To avoid such outliers, one way is that we can remove directly the outliers. Or we could we some CDF(Cumulative Distribution Function) to automatically remove outliers. The alternative way is plotting which you will see some historgram that show bowl-curve like.
One final alternative way is to try to use the Gaussian Distribution, or called Normal Distribution. This function takes 3 things, the data itself, the mean, and the standard deviation of these numbers. Most of the data will split its distribution nicely if we just have these three things.This comes in condition that the distribution of the data follows Normal Distribution.
std_unit = (data-mean)/std_deviation
We can take standard units that take mean and standard deviation as an input, and we can predict the probability of certain number in the dataset.The resulted probability often match the exact result of the data.The best plot to visualize the normal distribution is quantile-quantile plot, or qqplot in R. This would take us to see each percentage deviation of the data. What are the data that are less than 1,2,3 percent deviation from the data. Below are the scipy function which states how many data that are less than 2 standard deviation from the mean.
import scipy.stats scipy.stats.norm.cdf(3)
For two variable, five numbers have to be defined to summarize the distribution. Imagine that we have normal distribution consist of two variables. You can see that all data regress towards the mean. You want to make a prediction on one variable based on another variable. So here's what we should do.

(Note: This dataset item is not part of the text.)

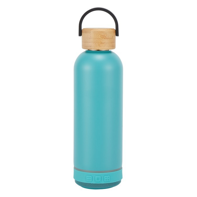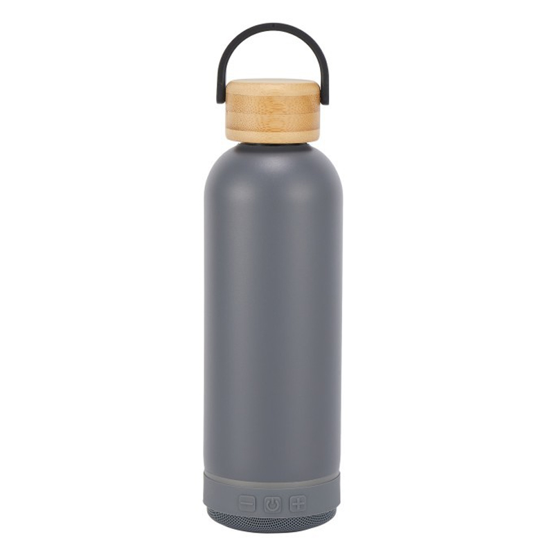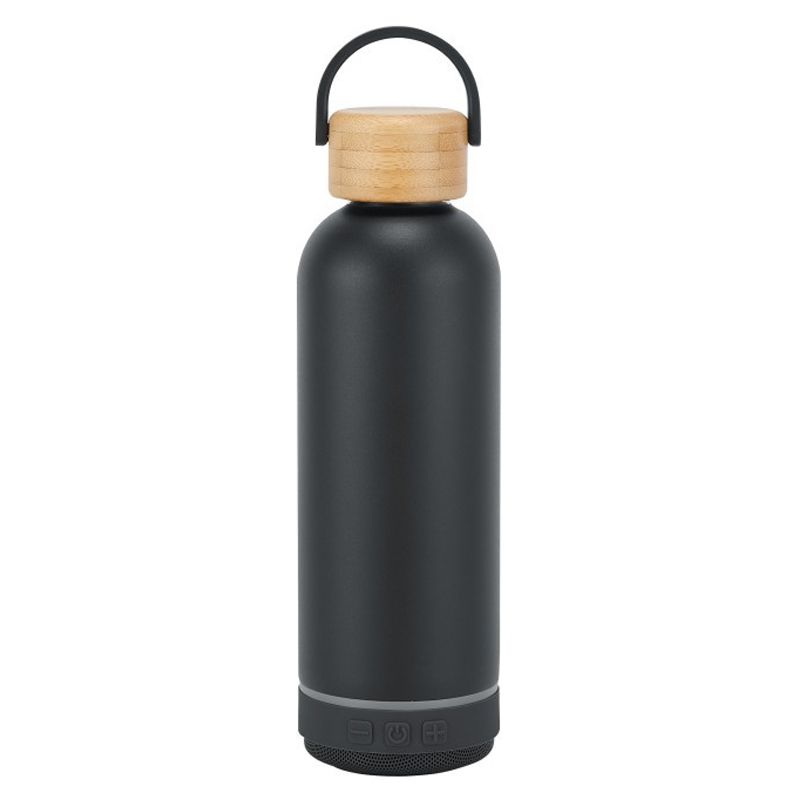 وصف المنتج: زجاجة معزولة لسماعات بلوتوث بغطاء من الخيزران - ارتشف واشرب وابق منتعشًا بأناقة

correlation = (Y-mean(Y))/std_dev(Y) / (X-mean(X))/std_dev(X)
This would give us the correlation of two variables. This correlation range from -1/1 to 0. approach one if approximately matched betweeen two variables, or zero otherwise. This correlation could be performed under one condition, if the 2D data projected to american football-like shape. Statistical overview alone can't described the data. You need to see how are the data distribution in visualization. Below are the famous Anscombe's quartet. You see that the top left graph perform football-shape, but not for the rest.
Always remember that this assume the data is normally distributed. You might see often that newspapers or published paper make this kind of mistake. And it's really misleading, and potentially dangerous if someone might read your article and doing research based on that.